Financial Terms / gearing

# Understanding Financial Gearing

Gearing measures the extent to which a company's operations are funded by lenders, otherwise known as financial leverage.

## Formula

``Net Gearing Ratio = (Total Debt − Cash & Cash Equivalents) ÷ Total Equity``

## How do I calculate the gearing?

`It is important to understand how to calculate gearing in order to make informed financial decisions. Gearing is typically calculated using the debt-to-equity ratio, which is a general classification of a financial ratio. The debt ratio is also a gearing ratio. The net gearing ratio is calculated by netting long-term debt, short-term debt, and bank overdrafts and expressed as a percentage. The formula for calculating the net gearing ratio is `Net Gearing Ratio = (Total Debt − Cash & Cash Equivalents) ÷ Total Equity.` Generally, debt-to-equity ratios above 25% are considered low-risk. Programs such as Sourcetable can be used to calculate the gearing ratio.`

## What is Gearing?

`Gearing is a measure of financial leverage and is also known as leverage. It is measured by various leverage ratios and is important because it affects a company's creditworthiness.`

## What is the formula for calculating Gearing?

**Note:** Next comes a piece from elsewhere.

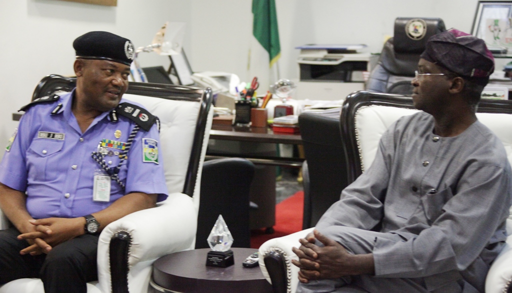 Governor Babatunde Fashola of Lagos State (right) discussing with the Assistant Inspector-General of Police (AIG), Zone II, Mr. Joseph Mbu during his courtesy visit to the governor at the Lagos House, Ikeja…on Tuesday.

`The formula for calculating Gearing is: `Total Liabilities / Total Assets``

## What is the importance of Gearing?

`Gearing is important because it affects a company's creditworthiness. Lenders may consider a company's gearing ratio when deciding whether to provide credit.`

## Key Points

How do I calculate gearing?
`Net Gearing Ratio = (Total Debt − Cash & Cash Equivalents) ÷ Total Equity`
Net Gearing Ratio
The net gearing ratio is a measure of a company's financial leverage and is calculated by dividing total debt by total shareholders' equity.
Debt-to-Equity Ratio
The debt-to-equity ratio is used to measure how well a company is financing its operations and growth by comparing the total debt to total shareholders' equity.
Capital Gearing
Capital gearing is a measure of how much debt is being used to finance a company's assets and is calculated by dividing total debt by total assets.